(President Neil Kerwin) I’m Neil Kerwin, president of American University. As we enter the final phase of the fall semester, it’s a good time to provide an update on what the institution has accomplished over the past several months.
We’re in the third year of our strategic plan, and we’re making solid progress on each of our goals. The university has received important recognition in the past several months. US News and World Report ranked us number one in the country for internships. The Princeton Review ranks our career center among the best in the United States, and they placed us on their Green Honor Roll. And, once again, we’ve been named one of the United States’ most military friendly schools.
Prominent in our strategic plan is the development of our faculty. This fall, we welcomed 33 new members to the full-time faculty. They come from the finest doctoral and professional programs in the world, and they come to American University ready to advance their fields and better society.
(Shalini Ayyagari) I'm really excited about starting an ethnomusicology program in the performing arts department.
(Joseph Young) This is the epicenter for the study of violence and how our government can respond to it.
(President Neil Kerwin) Our exceptional faculty are receiving recognition nationally and receiving grants and contracts that support their work from some of the most significant funding sources in America. University provost Scott Bass received the Donald Kent Award from the Gerontological Society of America for his exceptional contributions and leadership to the field of gerontology.
David Culver, Environmental Sciences and Biology, was elected a fellow of the American Association for the Advancement of Science.
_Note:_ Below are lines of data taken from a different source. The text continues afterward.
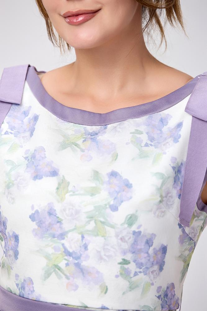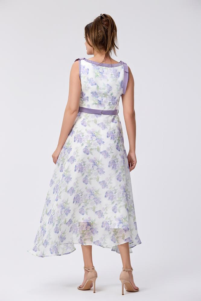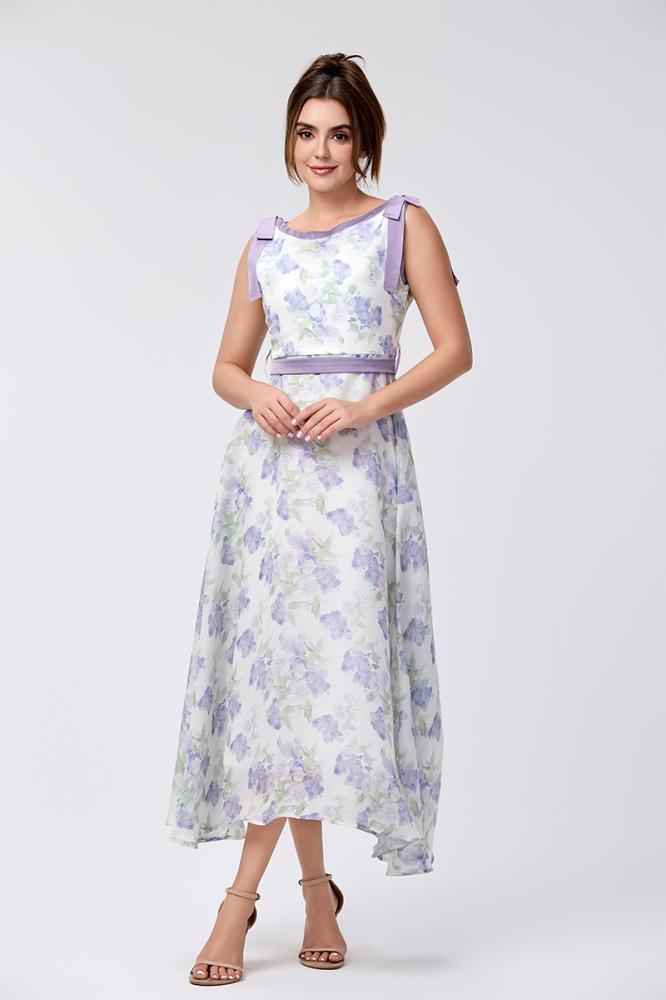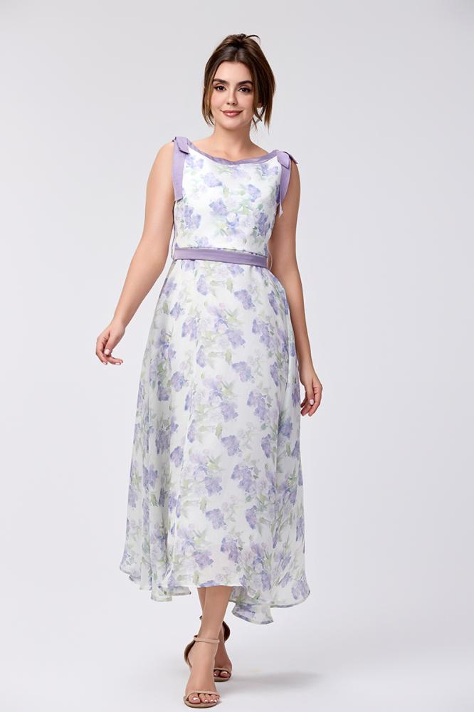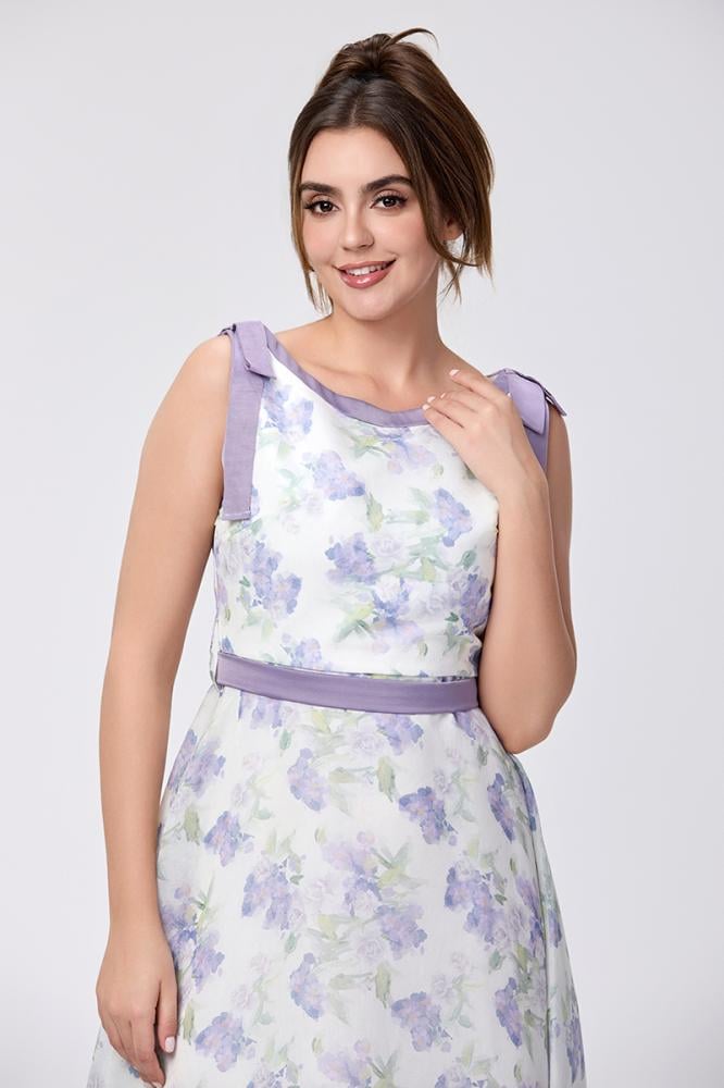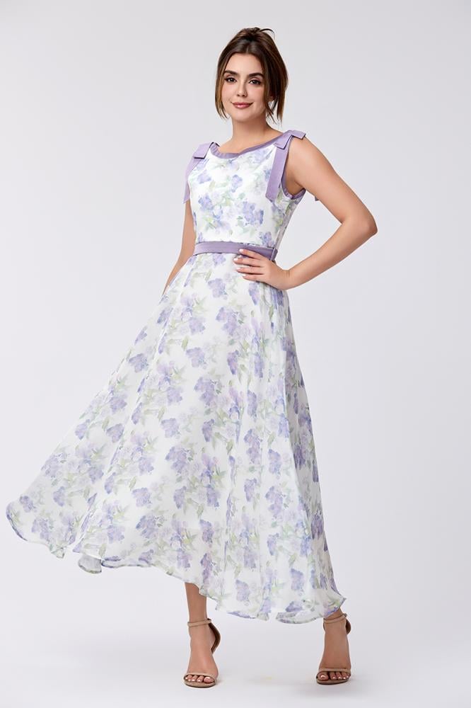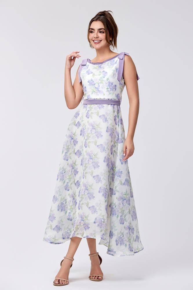 فستان شيفون بنقشة الورد البنفسجي بياقة محددة بالستان مع رباط على الكتف وحزام عريض على الخصر مع تنورة كلوش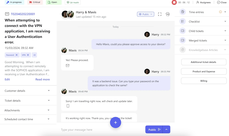 At the core of DeskDay is a conversational ticketing system that allows users to convert service desk tickets from various channels like email, chat, and Microsoft Teams into a direct chat interface. This allows technicians to resolve tickets and have conversations. Beyond superior ticketing, DeskDay centralizes other critical workflows for MSPs. Its intuitive interface enables real-time monitoring and collaboration for project management. Timesheets integrate with billing for accurate invoicing. The platform proactively identifies and resolves service delivery issues using rule-based quality assurance across tickets, projects, and timesheets.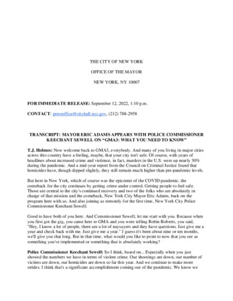 | User Ciara Collins has attached Mayor_s_Press_Office_Sept_12a_2022.pdf to TRANSCRIPT: MAYOR ERIC ADAMS APPEARS WITH POLICE COMMISSIONER KEECHANT SEWELL ON “GMA3: WHAT YOU NEED TO KNOW” |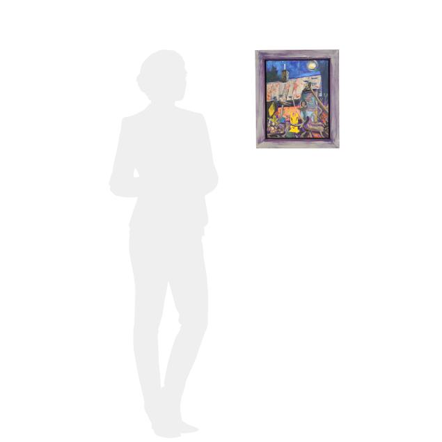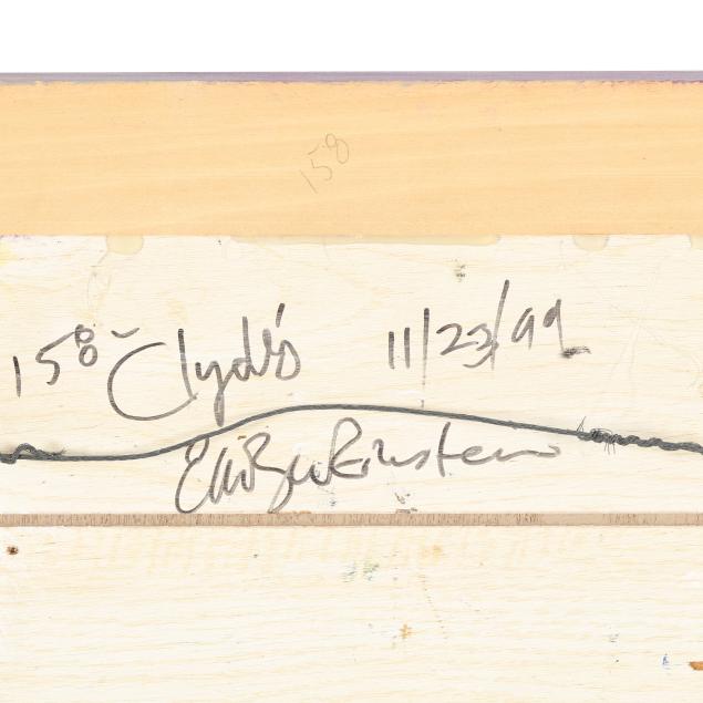 This work depicts Clyde Jones' iconic Bynum, North Carolina home "Critter Crossing", where he made his critters, as well as paintings of penguins, butterflies, elephants, and pandacows (his version of the Belted Galloways in residence at Fearrington Village), since 1982. In addition to welcoming any and all fans to see his creations at his home, he also did a variety of demonstrations and benefit events for local organizations and charitable causes. In 2002, the Chatham Arts Council honored him as the first “Chatham County Cultural Treasure” and held the first Clydefest in his honor.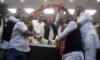 योगी सरकार पर हमला जारी रखते हुए संजय सिंह ने कहा सवाल यह है कि अगर भारत माता के बेटों के साथ अन्याय होगा तो भारत माता की जय कैसे होगी? हिंदुओं को एकजुट करने की बात करने वाले लोग बताएंगे कि क्या पिछड़े वर्ग, दलित और आदिवासी हिंदू नहीं हैं। क्या उन्हें संविधान में दिए गए हक और आरक्षण का अधिकार नहीं मिलना चाहिये। देश में 50 फीसद आरक्षण पिछड़ों, दलितों और आदिवासियों के लिए है। दस प्रतिशत आरक्षण सामान्य वर्ग के गरीबों के लिए है। इसके बाद बची नौकरियां सामान्य वर्ग को दी जा सकती हैं, लेकिन उत्तर प्रदेश में भर्तियों में घोटाले हो रहे हैं। “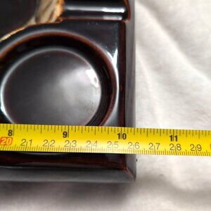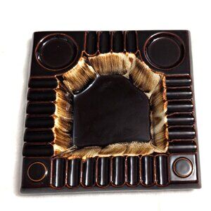 Vintage MCM Large Ceramic Ashtray Brown/Tan Drip Glaze 10.25" Square VGC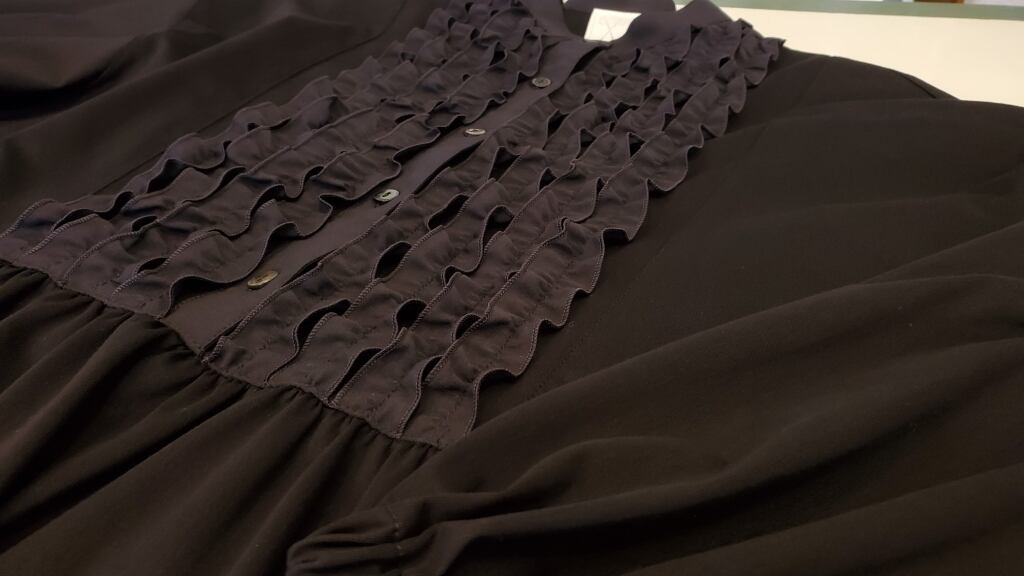 胸元の贅沢なくしゅくしゅフリル使いで、甘さを抑えた大人の可愛さが魅力のワンピースです。

Dr. Kim Blankenship, chair of our Department of Sociology is leading a collaborative team, supported by NIH, in the study of HIV/AIDS.
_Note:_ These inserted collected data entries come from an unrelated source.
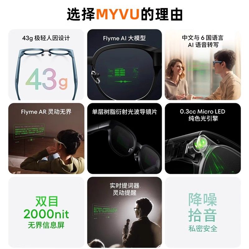 魅族StarV MYVU AI智能眼镜实时字幕同声翻译眼镜出国旅游导航演讲提词器会议无线翻译ai眼镜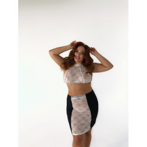 - Мереживний білий топ з еластичною резиночкою під грудьми;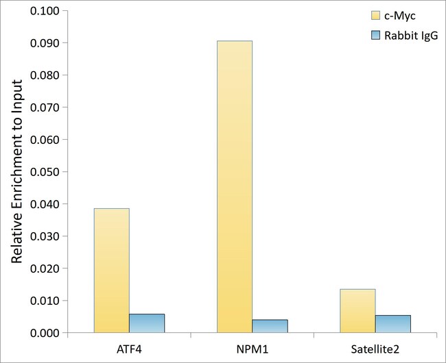 The c-Myc protein is a 62 kDa transcription factor that is encoded by the c-Myc gene on human chromosome 8q24. c-Myc is commonly activated in a variety of tumor cells and plays an important role in cellular proliferation, differentiation, apoptosis and cell cycle progression. The phosphorylation of c-Myc has been investigated and previous studies have suggested a functional association between phosphorylation at Thr58/Ser62 by glycogen synthase kinase 3, cyclin dependent kinase, ERK2 and C-Jun N terminal Kinase (JNK) in cell proliferation and cell cycle regulation. Studies have shown that c-Myc is essential for vasculogenesis and angiogenesis in tumor development, which distributes blood throughout the cells. The c-myc oncogene (p62 c-myc) is involved in the control of normal cellular proliferation and differentiation, and the deregulated expression of c-Myc induces apoptosis in different cell types. Antibodies against c-myc epitopes recognize overexpressed proteins containing Myc epitope tag fused to either amino- or carboxy-termini of targeted proteins. c-Myc-, N-Myc- and L-Myc-encoded proteins function in cell proliferation, differentiation and neoplastic disease. Amplification of the c-Myc gene has been found in several types of human tumors including lung, breast and colon carcinomas, while the N-Myc gene has been found amplified in neuroblastomas. Translocation of the c-myc locus on chromosome 8 to the immunoglobulin loci on chromosome 14 (heavy chain); 2 (delta light chain); or 22 (light chain) is described in Burkitts lymphoma and other B-cell lymphoproliferative conditions. An aberrant expression of the c-myc gene occurs in tumors of different origins such as colorectal, gastric, gallbladder, hepatic, mammary, ovarian, endometrial, head and neck, pulmonary, prostatic, thyroidal, oral, ocular, nasopharyngeal, endocrine, as well as hematopoietic neoplasms.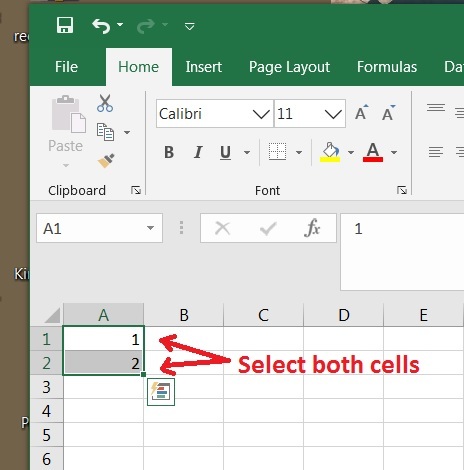 Selecting these two consecutive numbers tells Excel the step order – i.e. 1 + 1 = 2, 2 + 1 = 3, 3 + 1 = 4 etc. If you typed in 10 followed by 20, Excel would know the step order was 10 + 10 = 20, 20 + 10 = 30, etc.

And Ron Anderson, in Finance and Real Estate, was selected as one of the most influential scholars in the field of corporate governance.
As one of the most politically active campuses in America, we strive to bring individuals who deal with some of our most important issues. Renowned anthropologist Jane Goodall visited our campus as part of the United Nations International Day of Peace.
Secretary of Homeland Security Janet Napolitano came to the campus once again, this time to discuss immigration reform.
And John Legend performed and spoke to his commitment on education reform and the end of global poverty.
Our alumni continue to distinguish themselves and the university. At the President’s Circle Dinner, we honored Alan Fleischmann for his extraordinary contributions to the development of entrepreneurs worldwide and his ability to engage the global community.
This fall we also honored four outstanding alumni for their contributions and their ability to put their American University education to work: David Gregory, moderator of Meet the Press; Karen Bune, a victim specialist in the office of the state’s attorney for Prince George’s County; Brian Keane, the president of SmartPower and the former president of our alumni association; and Talila Lewis, a School of Public Affairs alumna and current student at the Washington College of Law, for her work in establishing a nonprofit organization that empowers deaf Americans.
Our radio station, WAMU, one of the nation’s leading public broadcasters, just celebrated its 50th anniversary.
Once again, this fall we welcomed strong entering classes. This year’s freshman class was one of the most accomplished and diverse in the university’s history. We’re looking forward to working with these young men and women as they develop as students and people over the coming years.
It’s been a full and exciting time at American University. I hope you’ll stay engaged and take full advantage of all this great university has to offer. I look forward to hearing from you, and I look forward to seeing you on campus very soon.